Sparse Variant Format (SVAR)#

Motivation#

Typical genomic data formats such as VCF/BCF and PLINK encode genotypes in a dense matrix. However, these matrices are typically extremely sparse (< 1% density), especially with whole genome sequencing or cancer data. To avoid consuming excessive amounts of disk space, these formats use block-wise compression. However, block compressed data can easily create data processing bottlenecks in machine learning applications, where random sampling is required to during training. This was a huge problem during the development of GenVarLoader, for example. By instead using a sparse format, we were able to circumvent compression while keeping the file size on par with an equivalent compressed BCF. As a result, we can memory map the genotypes to work with larger-than-RAM data with random access that is much, much faster than compressed formats. For example, GenVarLoader computes direclty on the SVAR format and this is a major factor in its 1000x speedup over alternative methods.

Creating SVAR files#

from genoray import SparseVar, VCF, PGEN

SparseVar.from_vcf("out.svar", "file.vcf.gz", max_mem="4g")
SparseVar.from_pgen("out.svar", "file.pgen", max_mem="4g")

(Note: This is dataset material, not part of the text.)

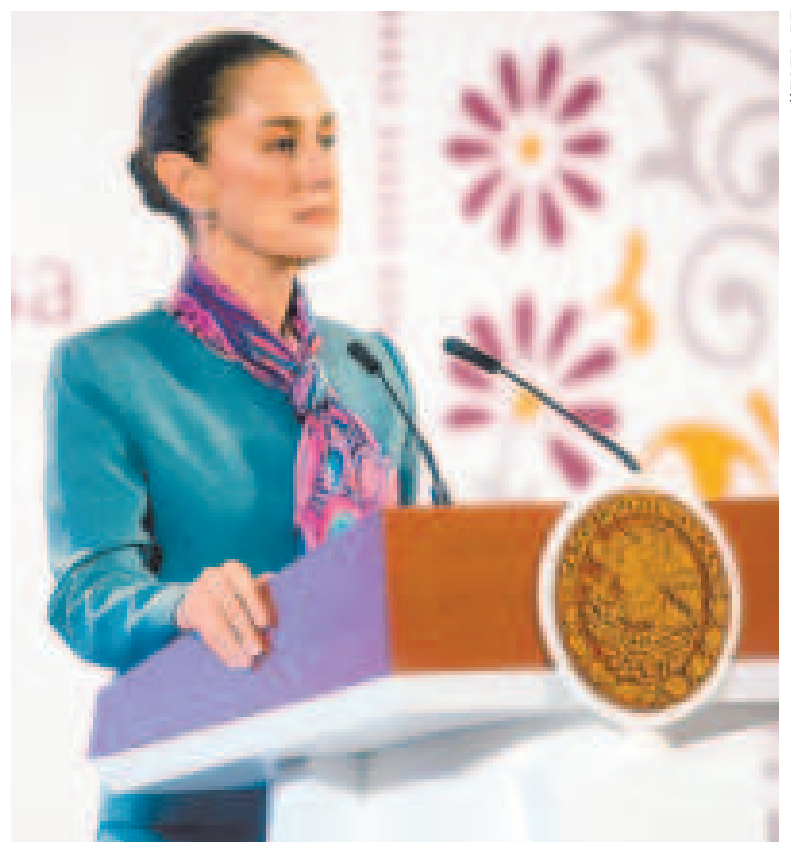
La presidenta de México, Claudia Sheinbaum.

También recordó sus promesas de campaña y anunció tres nuevos programas de bienestar: apoyo a mujeres de 60 a 64 años, asistencia a estudiantes de escuelas públicas hasta secundaria y atención de salud a domicilio para adultos mayores.

svar = SparseVar("out.svar")

Region/sample-restricted SVAR2 conversion#

SparseVar2.from_vcf, from_pgen, and from_svar1 can all convert directly into a subset of regions and samples. from_vcf_list supports the same regions=/merge_overlapping=/regions_overlap= but has no samples= — each input file is single-sample, so the cohort is defined by the file set itself:

from genoray import SparseVar2

SparseVar2.from_vcf(
    "subset.svar2",
    "cohort.vcf.gz",
    "reference.fa",
    regions=["chr1:1-1000000", ("chr2", 0, 500_000)],
    samples=["HG00096", "HG00097"],
    merge_overlapping=True,
    threads=8,
)

Region strings use bcftools-style 1-based inclusive coordinates and are converted to 0-based half-open intervals. Tuple, BED, and frame inputs are already interpreted as 0-based half-open. samples selects and reorders by name, preserving caller order and deduplicating repeated names by first occurrence.

The equivalent CLI flags are available on the default SVAR2 writer, for every source kind (VCF/BCF, PGEN, an SVAR1 store, or a vcf-list directory/manifest):

genoray write cohort.vcf.gz subset.svar2 \
  --reference reference.fa \
  --regions chr1:1-1000000,chr2:1-500000 \
  --samples HG00096,HG00097 \
  --threads 8

Use --regions-file/-R for BED files and --samples-file/-S for one-sample-per-line sample lists. --samples/-s/--samples-file/-S are rejected for the multi-file (vcf-list) directory/manifest form — each input file already contributes exactly one sample, so there’s no cohort left to subset.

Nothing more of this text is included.